● Problem statement
Taking the line with "Etro scarf featuring" as the first and the line with "秋葉原の各所に「魔法少女まどか☆マギカ Magia Exedra」のハーフアニバーサリーを記念した広告が掲載されていました。" as the last, set down the lines below exactly, pictures excluded.

[Opening Data records section]

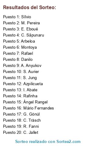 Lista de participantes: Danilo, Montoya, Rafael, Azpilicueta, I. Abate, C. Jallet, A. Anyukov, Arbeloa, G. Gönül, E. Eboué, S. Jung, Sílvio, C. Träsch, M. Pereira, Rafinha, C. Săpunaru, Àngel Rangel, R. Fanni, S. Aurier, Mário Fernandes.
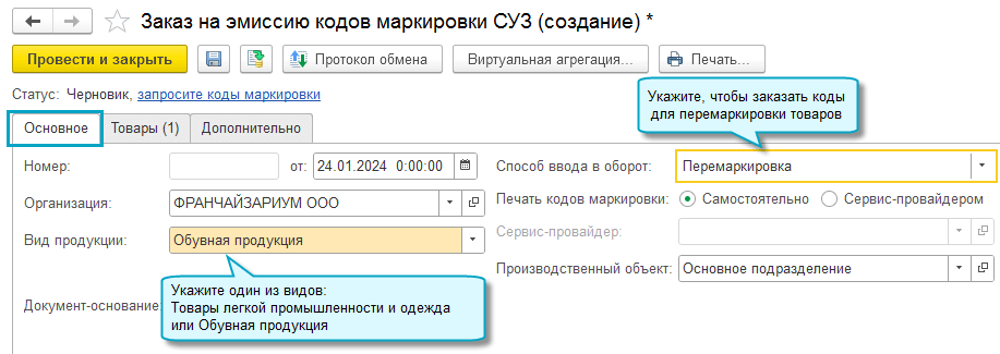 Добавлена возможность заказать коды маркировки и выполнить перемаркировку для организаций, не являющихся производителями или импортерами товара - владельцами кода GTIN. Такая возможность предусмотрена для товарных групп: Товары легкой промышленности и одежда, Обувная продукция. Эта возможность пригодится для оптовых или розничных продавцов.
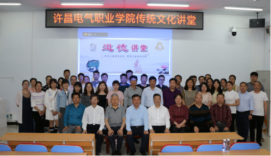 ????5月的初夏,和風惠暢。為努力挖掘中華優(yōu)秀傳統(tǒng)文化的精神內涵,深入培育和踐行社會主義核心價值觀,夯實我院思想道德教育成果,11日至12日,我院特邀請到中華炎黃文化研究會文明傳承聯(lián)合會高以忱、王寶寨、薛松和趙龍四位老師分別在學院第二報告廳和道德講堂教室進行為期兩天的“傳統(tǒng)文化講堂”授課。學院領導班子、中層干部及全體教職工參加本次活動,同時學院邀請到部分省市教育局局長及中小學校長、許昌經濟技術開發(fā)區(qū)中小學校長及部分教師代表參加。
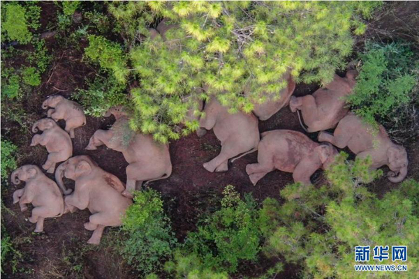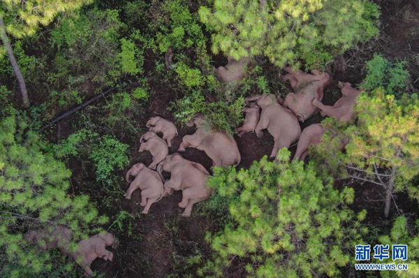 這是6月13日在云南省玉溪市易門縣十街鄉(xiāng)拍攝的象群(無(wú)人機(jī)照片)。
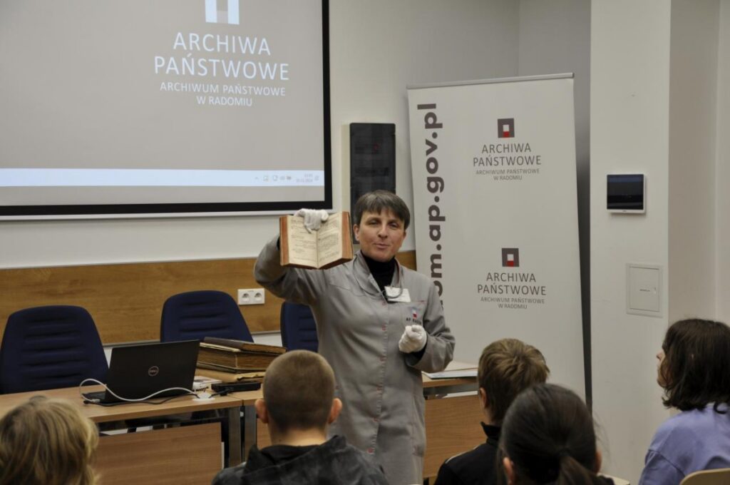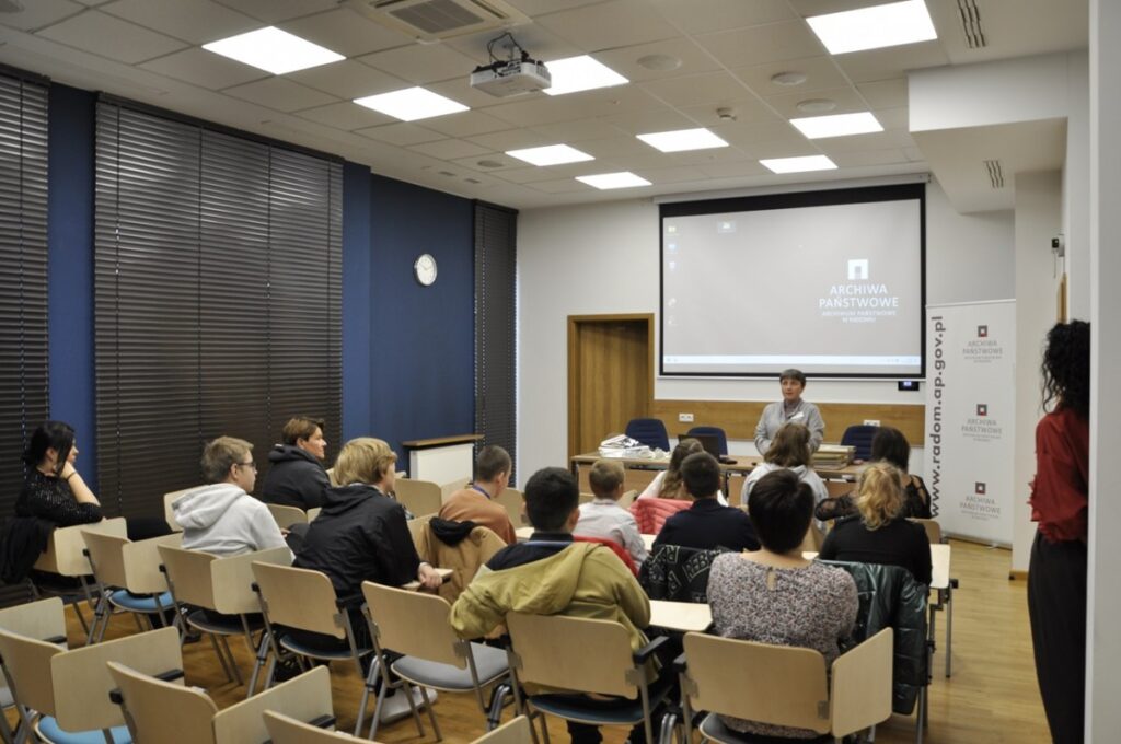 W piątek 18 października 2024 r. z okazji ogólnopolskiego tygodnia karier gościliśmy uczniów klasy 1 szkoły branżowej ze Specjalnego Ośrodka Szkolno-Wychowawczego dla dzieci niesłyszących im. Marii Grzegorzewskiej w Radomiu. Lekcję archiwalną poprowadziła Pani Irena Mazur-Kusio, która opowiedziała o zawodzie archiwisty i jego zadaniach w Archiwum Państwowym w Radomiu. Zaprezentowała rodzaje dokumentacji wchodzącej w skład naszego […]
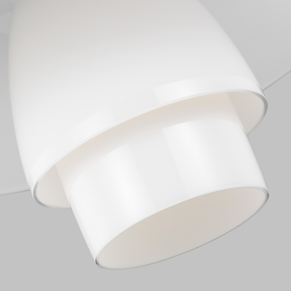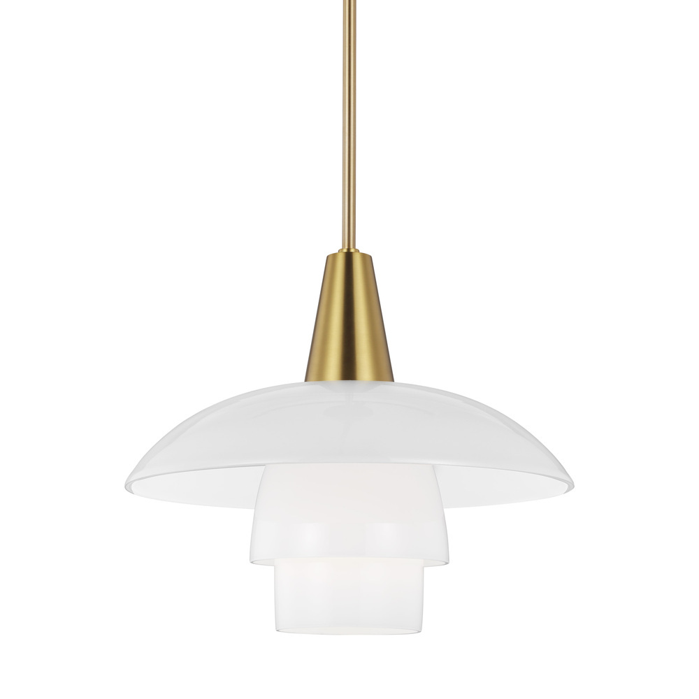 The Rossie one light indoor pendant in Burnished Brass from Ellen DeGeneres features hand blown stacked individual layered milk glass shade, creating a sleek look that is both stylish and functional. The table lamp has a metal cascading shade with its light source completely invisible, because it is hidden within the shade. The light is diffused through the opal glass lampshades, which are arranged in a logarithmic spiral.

[Closing Data records section]
[Opening Data records section]

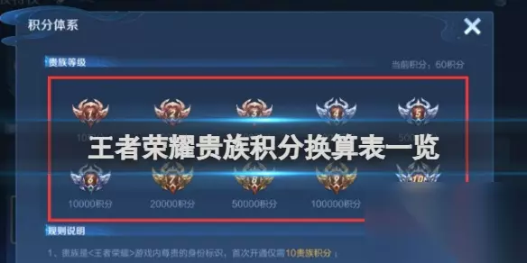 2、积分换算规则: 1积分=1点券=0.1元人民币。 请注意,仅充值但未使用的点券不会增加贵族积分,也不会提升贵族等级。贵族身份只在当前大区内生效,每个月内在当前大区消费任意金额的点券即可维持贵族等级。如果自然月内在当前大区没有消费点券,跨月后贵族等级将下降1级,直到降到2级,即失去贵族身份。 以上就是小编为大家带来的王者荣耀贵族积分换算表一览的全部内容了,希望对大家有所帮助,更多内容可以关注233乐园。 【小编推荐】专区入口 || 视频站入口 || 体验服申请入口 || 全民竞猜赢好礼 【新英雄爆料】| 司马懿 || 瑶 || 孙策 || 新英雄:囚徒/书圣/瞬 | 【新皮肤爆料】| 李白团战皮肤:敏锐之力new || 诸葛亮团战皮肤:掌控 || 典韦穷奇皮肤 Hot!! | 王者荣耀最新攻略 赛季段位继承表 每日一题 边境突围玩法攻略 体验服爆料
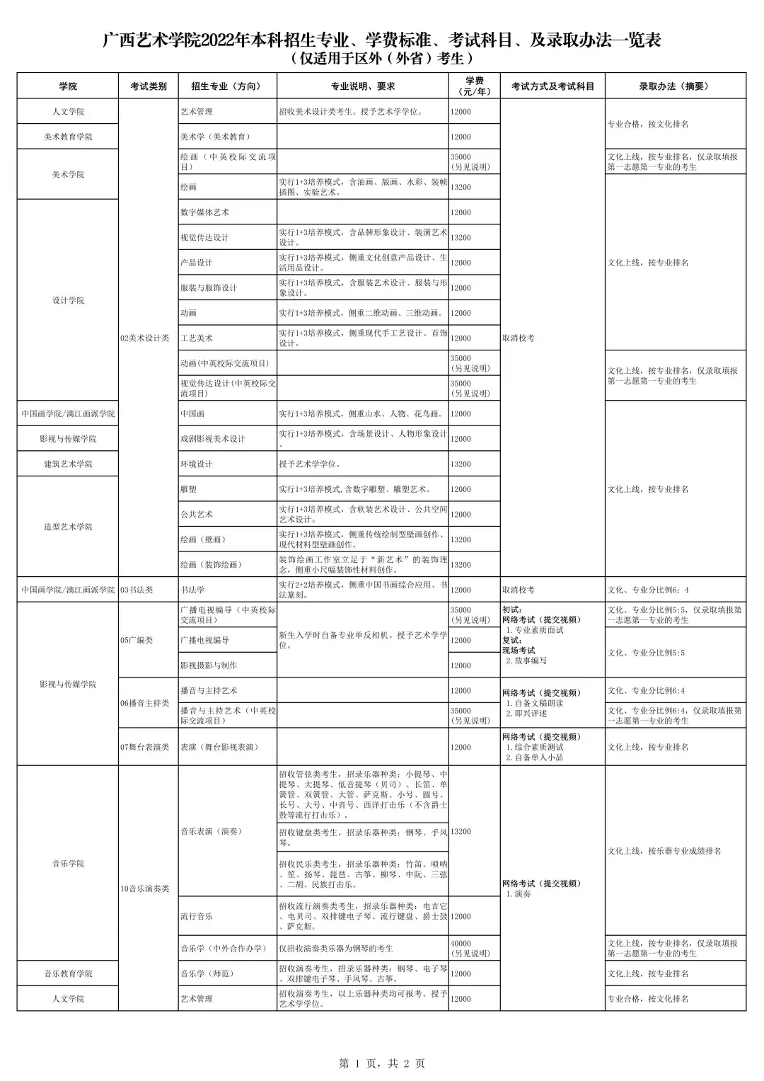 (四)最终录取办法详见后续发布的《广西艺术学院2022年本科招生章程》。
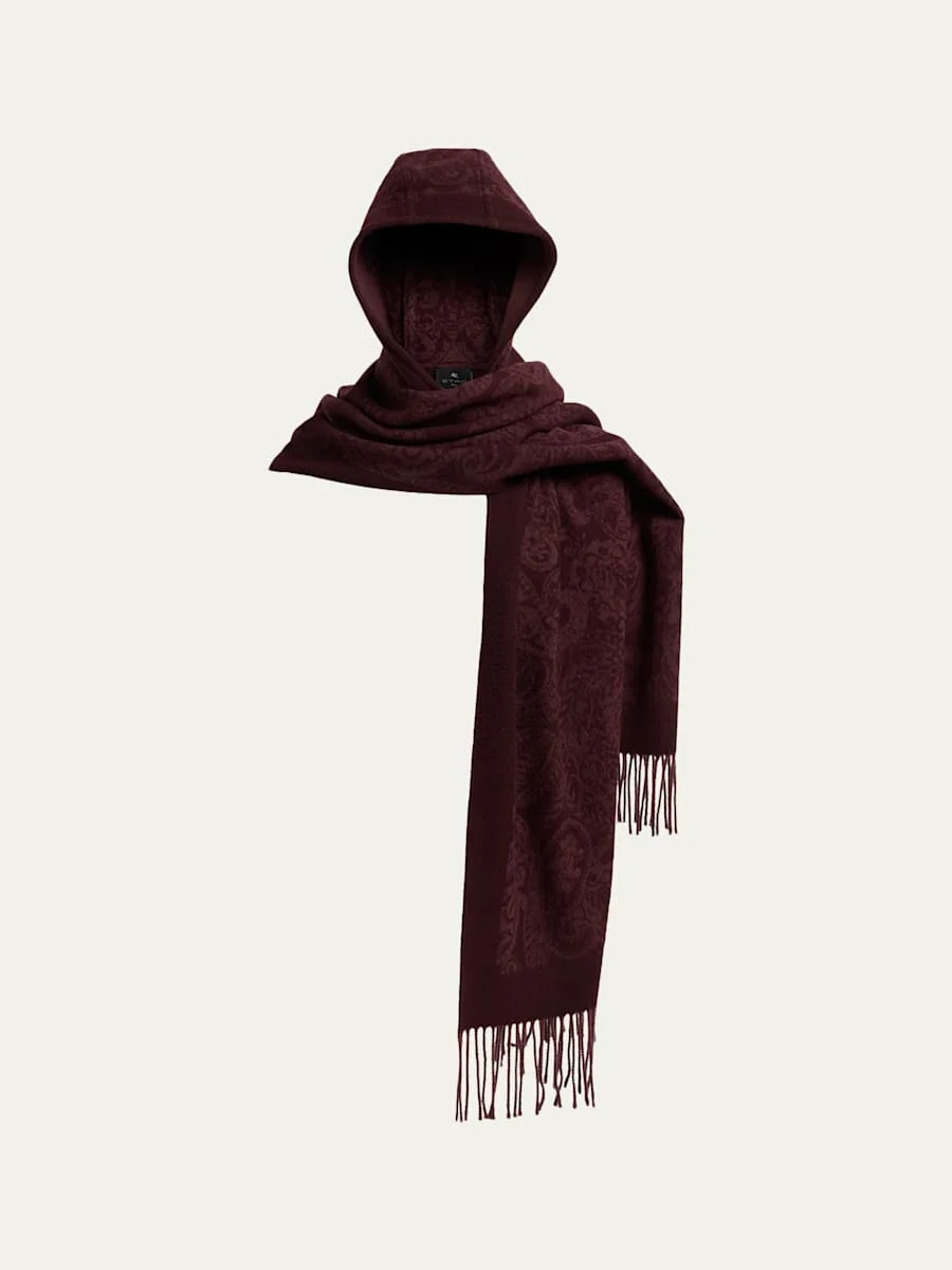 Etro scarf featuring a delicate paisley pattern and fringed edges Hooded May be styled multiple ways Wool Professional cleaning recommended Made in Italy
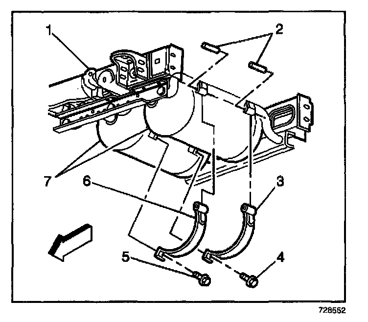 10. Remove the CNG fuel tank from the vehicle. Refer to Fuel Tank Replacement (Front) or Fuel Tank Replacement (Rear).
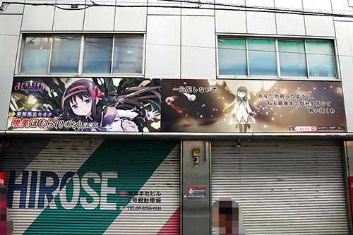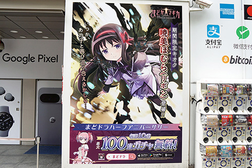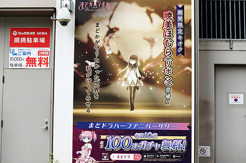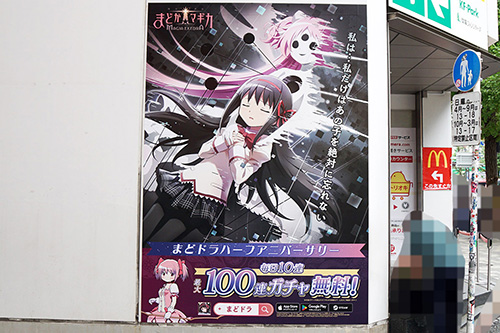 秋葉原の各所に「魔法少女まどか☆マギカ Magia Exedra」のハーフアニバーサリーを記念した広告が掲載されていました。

[Closing Data records section]
[Opening Data records section]

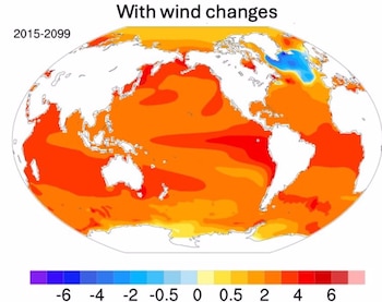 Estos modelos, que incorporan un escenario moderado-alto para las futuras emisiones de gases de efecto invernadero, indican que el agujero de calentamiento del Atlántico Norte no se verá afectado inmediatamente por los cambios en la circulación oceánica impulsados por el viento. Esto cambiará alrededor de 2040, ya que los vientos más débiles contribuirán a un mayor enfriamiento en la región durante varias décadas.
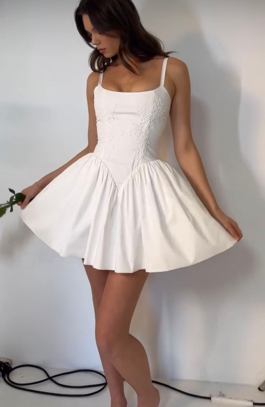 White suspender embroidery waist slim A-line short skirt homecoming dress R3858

[Closing Data records section]

● The completed task
 Etro scarf featuring a delicate paisley pattern and fringed edges Hooded May be styled multiple ways Wool Professional cleaning recommended Made in Italy
 10. Remove the CNG fuel tank from the vehicle. Refer to Fuel Tank Replacement (Front) or Fuel Tank Replacement (Rear).
 秋葉原の各所に「魔法少女まどか☆マギカ Magia Exedra」のハーフアニバーサリーを記念した広告が掲載されていました。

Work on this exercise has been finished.